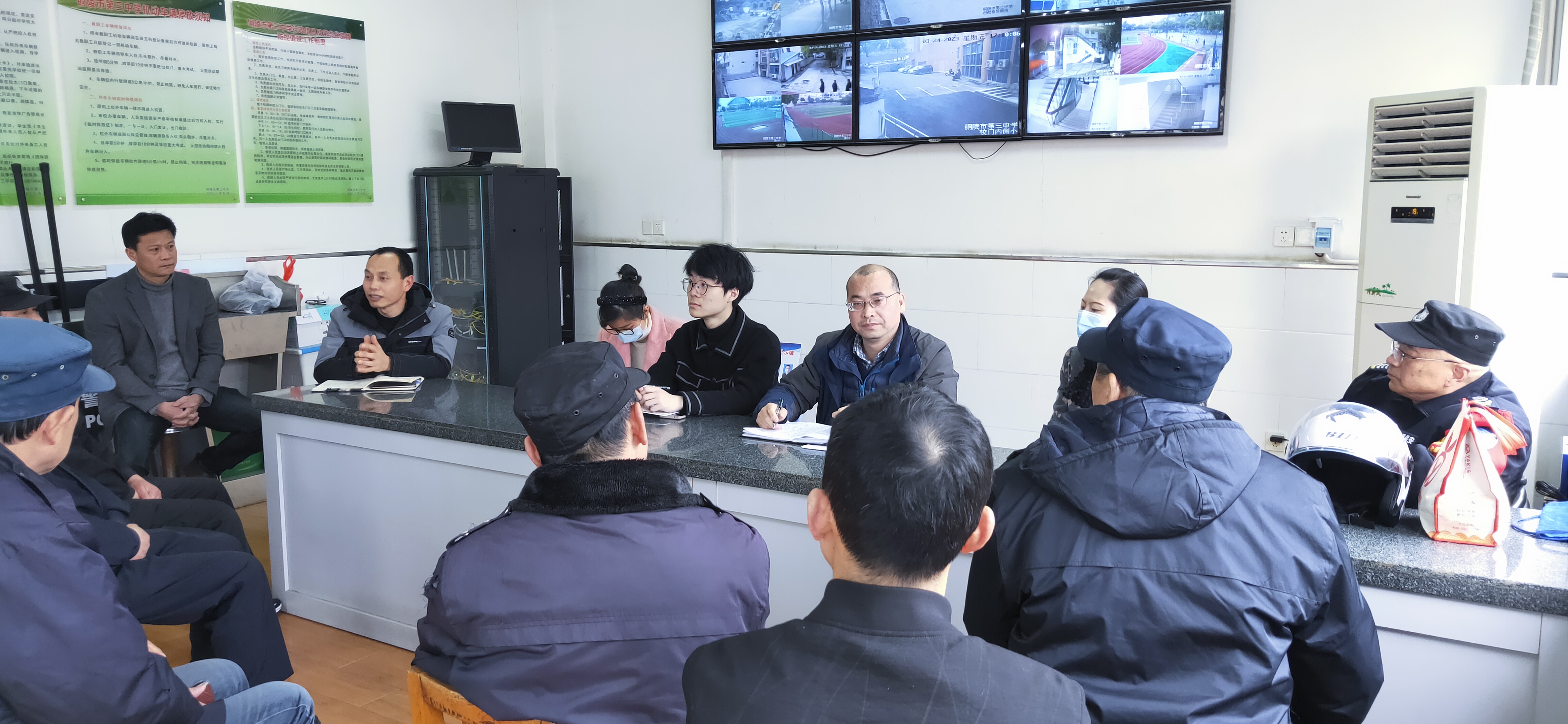 2023年3月24日下午,安卫科在值班室召开安全工作会议暨保安工作例会,校保卫科老师乔红胜、胡晓玲、谭敏捷,校医姚清秀,金盾保安经理及全体保安参加会议。乔红胜主持会议并对近期的工作进行总结。
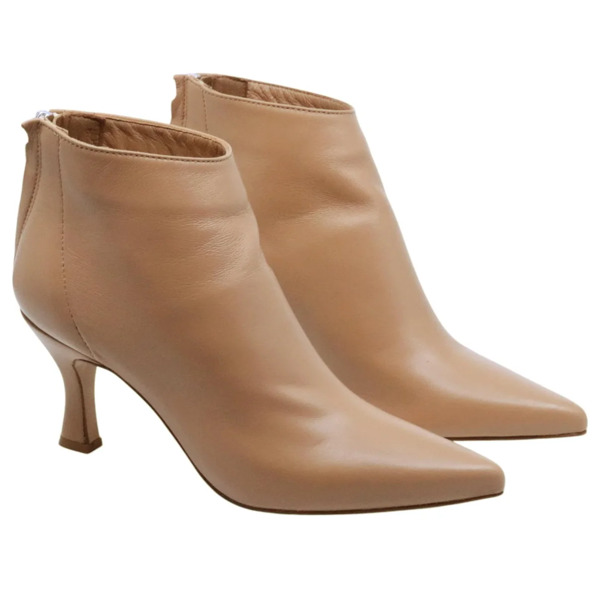 Tronchetto donna Ranyé 130 in pelle tek beige. La tomaia è in nappa molto morbida, orttimo stivaletto adatto a tutte le stagioni. La chiusura avviene grazie alla zip posteriore e suola in cuoio. Il tacco è alto 7,5 cm. Prodotto made in Italy. Modello 130 Nappa Cappuccino
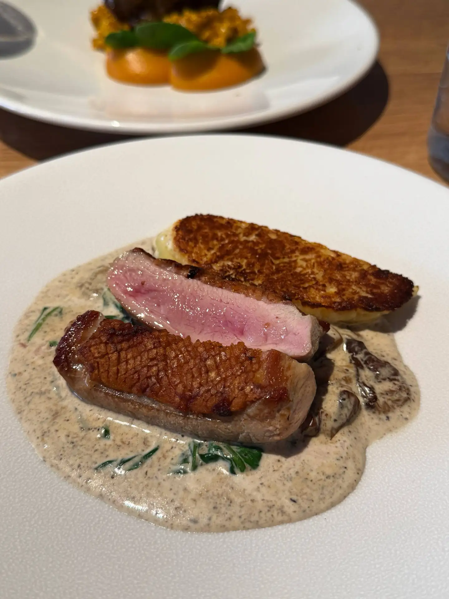 🍴 Гребешки с белыми грибами и картофельным гратеном (1370₽) - очень понравилось блюдо, нежное, сливочное и сытное.
--------------------
[About this task] Write out the whole listing exactly, and drop the pictures.

[Response]
 2023年3月24日下午,安卫科在值班室召开安全工作会议暨保安工作例会,校保卫科老师乔红胜、胡晓玲、谭敏捷,校医姚清秀,金盾保安经理及全体保安参加会议。乔红胜主持会议并对近期的工作进行总结。
 Tronchetto donna Ranyé 130 in pelle tek beige. La tomaia è in nappa molto morbida, orttimo stivaletto adatto a tutte le stagioni. La chiusura avviene grazie alla zip posteriore e suola in cuoio. Il tacco è alto 7,5 cm. Prodotto made in Italy. Modello 130 Nappa Cappuccino
 🍴 Гребешки с белыми грибами и картофельным гратеном (1370₽) - очень понравилось блюдо, нежное, сливочное и сытное.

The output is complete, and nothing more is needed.